Comrades, this is Felzilla, the Duce of our Most Glorious Allied Nation of FELOSLAVIKA.
 
LOL DO U TAKE SPICS IN YOUR ARMY SEÑOR???????''

I NEED A JOB BECAUSE I WAS TOO LAZY IN HOMELAND
 
Welcome aboard Fascist comrade. And since you come from third world country, you already know how to use a gun.
 
WOOO RACIAL SLURS!!!

*GOES 'THAT DIRECTION' AND SHOOTS ALL THE FILTH HE CAN FIND*
 
YES THANK YOU SEÑOR, I AM VERY GOOD WITH BIG GUNS. BLAM BLAM BLAM.

DO I GET LONG NAME, SEÑOR?

*SHOOTS A VODKA BOTTLE*
 
My fellow Staadplatzians, follow the example of our allied nation of Feloslakvia and defeat the Red Slime!

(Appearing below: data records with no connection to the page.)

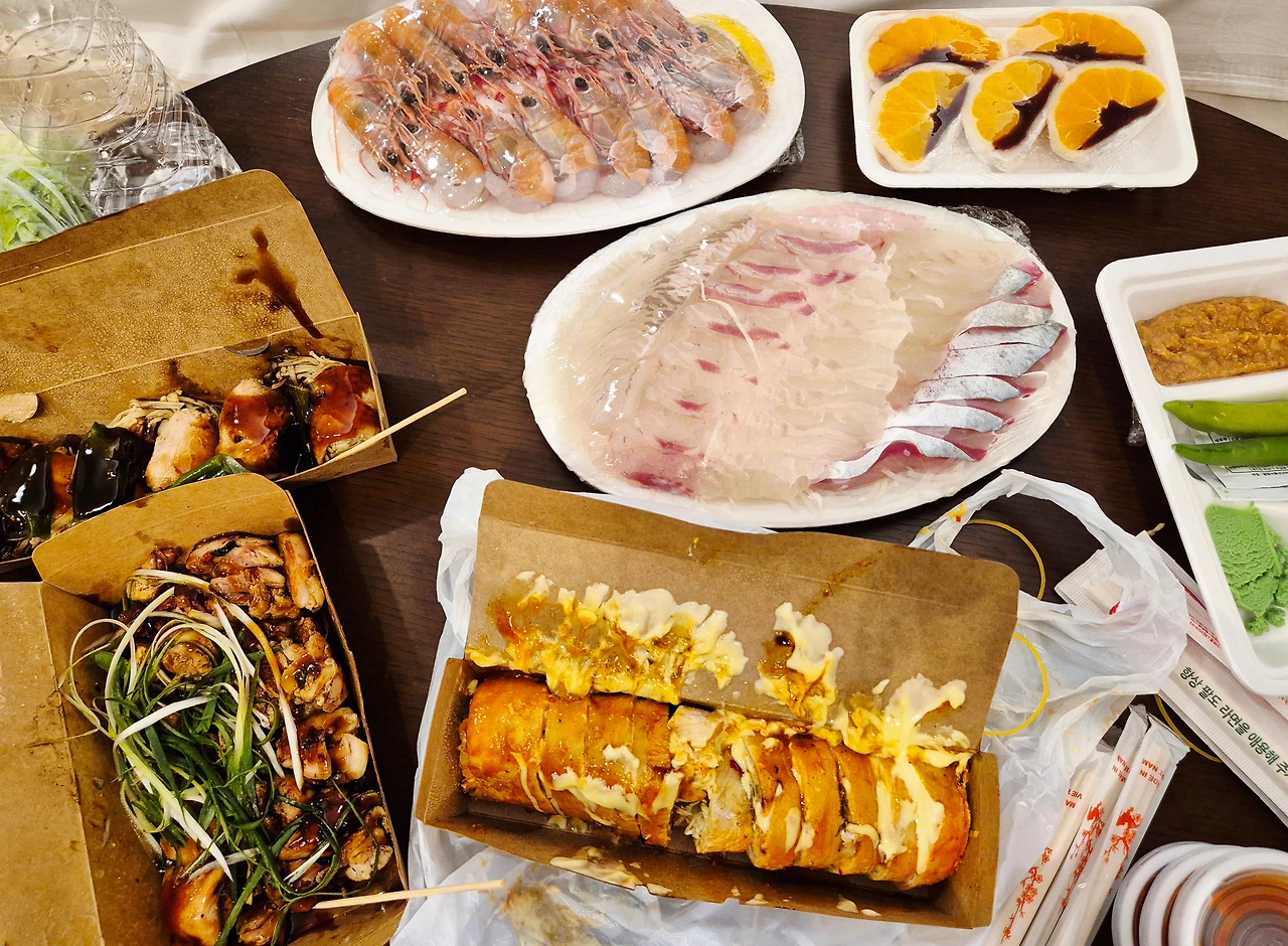 숙소로 돌아오는 동안 식어버려 아쉬웠지만 충분히 맛있게 먹었다. 아들은 인터넷에서 보고 기대했던 음식들을 먹어 보고 엄빠는 딱새우 회를 처음 먹어봤다.
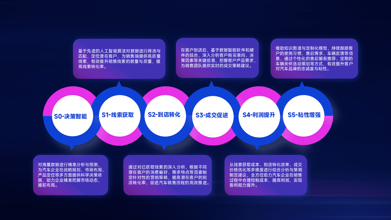 通过拓宽潜在客户来源、、优化线索分配并提高到店转化率,,,以增强销售效率。。。同时,,利用线索数据不断优化分析模型,,,,有效提升转化率,,扩大营销影响力。。
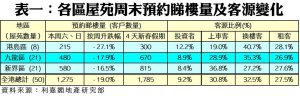 按地區劃分,全港三區的周末預約睇樓量全線下挫,當中以港島區跌幅最顯著,該區8個指標屋苑於周末暫錄215組客戶預約睇樓,按周下挫27.1%,未來4天則錄300組。利嘉閣嘉亨灣二行經理黃諾文表示,儘管最近股市大幅波動,但對區內業主來說影響不大,議價空間仍然較少,其中鯉景灣逸華閣高層A室的三房單位,成交價高達1,530萬元,平均成交實用呎價約19,125元,破屋苑成交價及呎價新高。黃諾文指出,現時屋苑放盤量少,買家追價入市的情況普遍,但新春長假期間預約睇樓客人較少,料需待農曆年初四或過後,交投方會開始復甦。
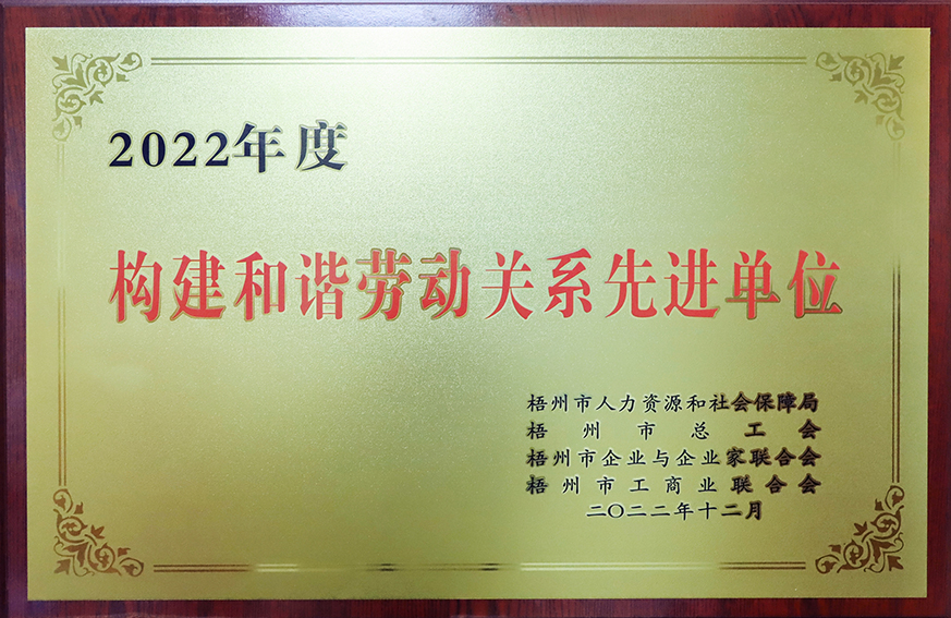 根據(jù)梧州市人力資源和社會保障局、梧州市總工會、梧州市企業(yè)與企業(yè)家聯(lián)合會、梧州市工商業(yè)聯(lián)合會公布了《2022年度梧州市構(gòu)建和諧勞動關(guān)系先進(jìn)單位名單》的通知,表彰了一批有力維護(hù)和諧勞動關(guān)系、切實保障職工權(quán)益的優(yōu)秀企業(yè),百裕世紀(jì)(集團(tuán))有限公司光榮在榜。
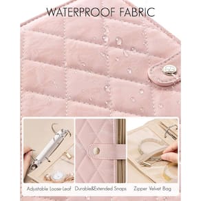 Vlando Bolsas de joias de viagem, bolsa de armazenamento de joias, 5 peças de veludo transparente com bolsos com zíper para viagem de viagem, organizador de joias para mulheres - Organizador portátil de joias de viagem: 17,3 x 4,3 x 21,8 cm, organize seus itens essenciais de viagem ordenadamente em um livro fácil de carregar em sua bolsa ou mala. Perfeito para viagens ou saídas diárias - Armazenamento de divisórias: a caixa de joias Vlando tem 5 páginas soltas com anéis de encadernação de metal (inclui 1 página para cinta grande + 2 páginas para grades médias + 3 páginas para grades pequenas), pode acomodar vários tipos de joias. Suficiente para sua viagem de 5 a 7 dias ou uso diário - Organizador de joias de viagem à prova d'água: Livro de armazenamento de joias dobrável, material macio acolchoado pode proteger as joias de serem apertadas e arranhadas. Bolsos com zíper protegem suas joias de quedas, perdas, oxidação, poeira e danos - Fichário ajustável: o organizador de joias de viagem feminino vem com anéis de metal, você pode adicionar ou remover páginas de forma flexível conforme suas necessidades. Dicas: Se você quiser colocar algumas joias grossas, sugerimos reduzir algumas páginas internas adequadamente para evitar apertar suas joias - Presente perfeito: estojo de joias requintado com bolsa de veludo, o organizador de joias ideal de cada mulher, adequado para colares, anéis, pulseiras, relógios, fotos, ingressos, recibos, cartões ou outros itens essenciais de viagem. Presentes quentes para viagem, aniversário, aniversário, dia dos namorados

Most Honored Leader of the Undercouch, Divine Frau Ocha, your most wondrous dust bunnies will gain more couches, beds, and other such territories to ensure your nation's continued success.

Mr. Spic, we shall call you Gerneralmisso Ubernachogrande Franco.
 
well, according to my research (and the trend this thread is kinda following) you shall be named "darkness-o". now go make some tacos for the Vandoosians that would make the CDC cringe in fear.
 
FILTER YOUR TACO MEAT IN THE FILTH OF SWINE

AND THEN FEED IT TO THE VANDOOSIAN SWINE.


WHY AM I YELLING.
 
Our science team is working on the "Great Suck" a vaccum of military proportions.
 
BECAUSE, YOU ARE THE DUCE OF THE DUCHY OF FELOSLAVIKA. YOU ARE ALLOWED TO YELL TO INSPIRE THE MASSES.

Welcome aboard Frau Ocha. Your most glorious sciences shall defeat the Vandoosian pigdogs!
 
INSPIRE THE MASSES? WITH OUR VOICES? THE FEAR OF DEATH WILL DO... THESE ARE AFTER ALL COMMUNIST COUNTRIES.

YELLING AT THEM IS JUST FUN.
 
how about we just kill the other guys and save the inspirations for later? .....in fact, i order it to be that way! inspire by killing the VANDOOSIANS!!!!!!!
 
WE SHALL CRUSH THE COMMUNIST MEANCE FOR THEY SEEK TO PLANT SMALL SHRUBBERIES IN OUR BACKYARDS.
 
FUUUUUUUUUUUUUUUUUUUUUUUUUUUUUUUUUUUUUUUUUUUUUUUUUUUUUUUUUUUUUUUUUUUUUUUUUUUUUUUUUUUUUUUUUUUUUUUUUUUUUUUUCK

OOOOOOOOOOOOOOOOOOOOOOOOOOOOOOOOOOOOOOOOOOOOOOOOFFFFFFFFFFFFFFFFFFFFFFFFFFFFFFFFFFFFFFFFFFFFFFFFFFFFFFFFFFFF

NON-ALLY COMMUNISTS.

NOBODY WANTS YOUR GODDAMN SHRUBBERIES.
 
all communists are non-allies. communists who are allies get plugged.